--- Source material ---
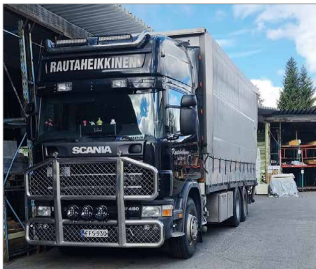
RautaHeikkinen palvelee asiakkaita omalla kuljetuskalustolla ihan rakennuskohteeseen saakka.

Tyttäremme toimii Pudasjärvellä parturikampajana ja toinen poikamme on LVI-alan yrittäjänä Kiimingsissä. Hänen yrityksensä LVISHeikkinen palvelee asiakkaita myös kaikkialla Pudasjärvellä. TS
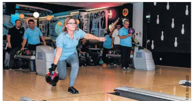
Már a bowlingnak is van városi bajnoksága Székesfehérváron. A sportágot kedvelő amatőrök első fordulóját szerda este rendezték, a továbbiakban hetente kétszer játsszák majd meccseiket a bajnokságban.

--- What you should do ---
Which lines above include the word "palvelee"? Show each one.

--- Answer to this problem ---
RautaHeikkinen palvelee asiakkaita omalla kuljetuskalustolla ihan rakennuskohteeseen saakka.
Tyttäremme toimii Pudasjärvellä parturikampajana ja toinen poikamme on LVI-alan yrittäjänä Kiimingsissä. Hänen yrityksensä LVISHeikkinen palvelee asiakkaita myös kaikkialla Pudasjärvellä. TS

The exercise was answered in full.